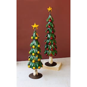 Conjunto de duas árvores de Natal de metal reciclado com maçãs e limões
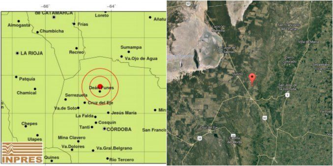 Según el Instituto Nacional de Prevención Sísmica (INPRES), el movimiento telúrico tuvo como epicentro a la ciudad de Dean Funes, 122 kilómetros al norte de Córdoba y 246 kilómetros al sudeste de San Fernando del Valle de Catamarca.
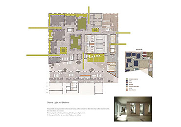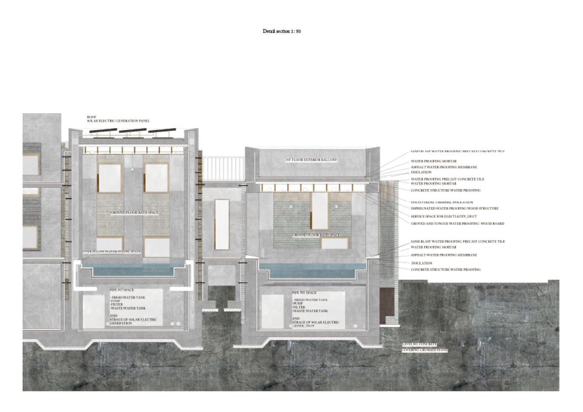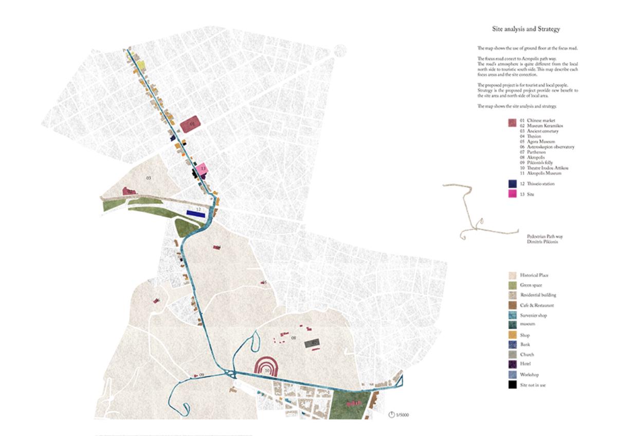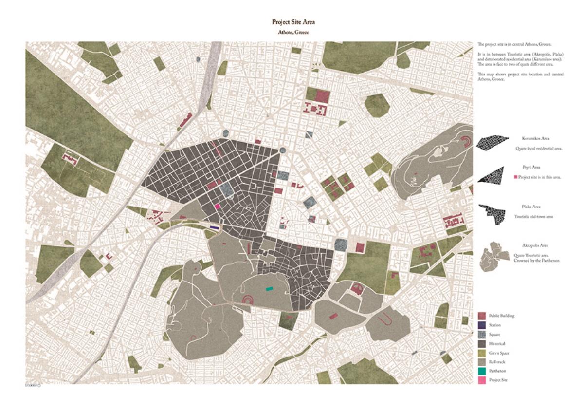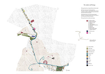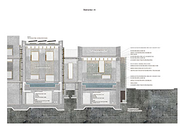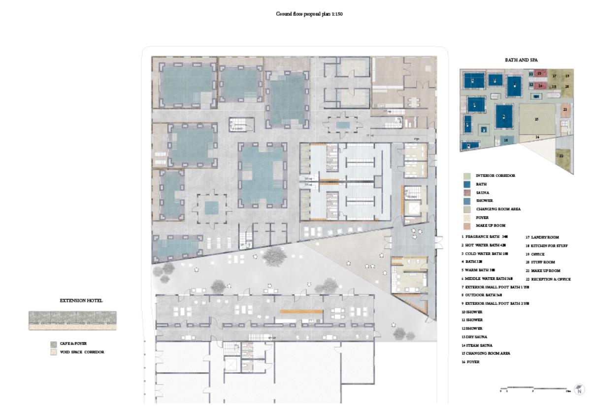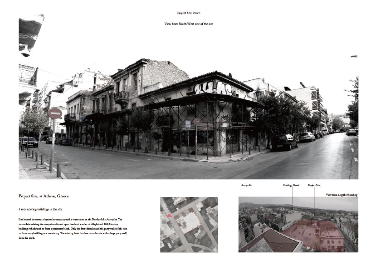 Stillness and Movement: Bath and Hotel Extension in Athens Part 2 Project 2013 Shoji Tamura University of East London London | UK The project is an extension of an existing hotel and a new bath. It is located between a deprived community and a tourist area in the North of the Acropolis. The immediate existing site comprises disused open land and a series of dilapidated 19th Century buildings that used to form a perimeter block. Only the front facades and the party walls of the two to three story buildings are remaining. The existing hotel borders onto the site with a large party wall, from the south.The intervention is set up to invigorate the area and bring further live from the tourist area into this deprived community. The bath allows a synergy between tourists and locals, while one subsidizes the other. Furthermore, the hotel expansion allows for needed hotel capacity. The designs of the bath and hotel are centered on a new public space that invites for resting, leisure, circulation and access.The bath design takes advantage of the small grain of 19th century buildings. Individual bath units are located within the remains, stabilizing their structures. Furthermore, the bath units step back from the front facades forming smaller courtyards that allow indirect light to filter deep into the bath. It is about stillness and movement. The upper floors form a new roofscape that is a play of former plot tectonics.On the ground floor, the hotel opens with a café onto the newly formed public space, further invigorating public live and blurring crucial boundaries between inside and outside. On the upper levels, the hotel is an extension of the party wall condition. Rooms gain privacy and indirect light through internal balconies.The project is a journey through scale, form and activity that allows for a new place in the heart of Athens. Tutor(s) Christopher Hadrys

* WHAT IS REQUIRED
Apart from the pictures, every line of the data above should be given again exactly.

* ANSWER BOX
 Conjunto de duas árvores de Natal de metal reciclado com maçãs e limões
 Según el Instituto Nacional de Prevención Sísmica (INPRES), el movimiento telúrico tuvo como epicentro a la ciudad de Dean Funes, 122 kilómetros al norte de Córdoba y 246 kilómetros al sudeste de San Fernando del Valle de Catamarca.
 Stillness and Movement: Bath and Hotel Extension in Athens Part 2 Project 2013 Shoji Tamura University of East London London | UK The project is an extension of an existing hotel and a new bath. It is located between a deprived community and a tourist area in the North of the Acropolis. The immediate existing site comprises disused open land and a series of dilapidated 19th Century buildings that used to form a perimeter block. Only the front facades and the party walls of the two to three story buildings are remaining. The existing hotel borders onto the site with a large party wall, from the south.The intervention is set up to invigorate the area and bring further live from the tourist area into this deprived community. The bath allows a synergy between tourists and locals, while one subsidizes the other. Furthermore, the hotel expansion allows for needed hotel capacity. The designs of the bath and hotel are centered on a new public space that invites for resting, leisure, circulation and access.The bath design takes advantage of the small grain of 19th century buildings. Individual bath units are located within the remains, stabilizing their structures. Furthermore, the bath units step back from the front facades forming smaller courtyards that allow indirect light to filter deep into the bath. It is about stillness and movement. The upper floors form a new roofscape that is a play of former plot tectonics.On the ground floor, the hotel opens with a café onto the newly formed public space, further invigorating public live and blurring crucial boundaries between inside and outside. On the upper levels, the hotel is an extension of the party wall condition. Rooms gain privacy and indirect light through internal balconies.The project is a journey through scale, form and activity that allows for a new place in the heart of Athens. Tutor(s) Christopher Hadrys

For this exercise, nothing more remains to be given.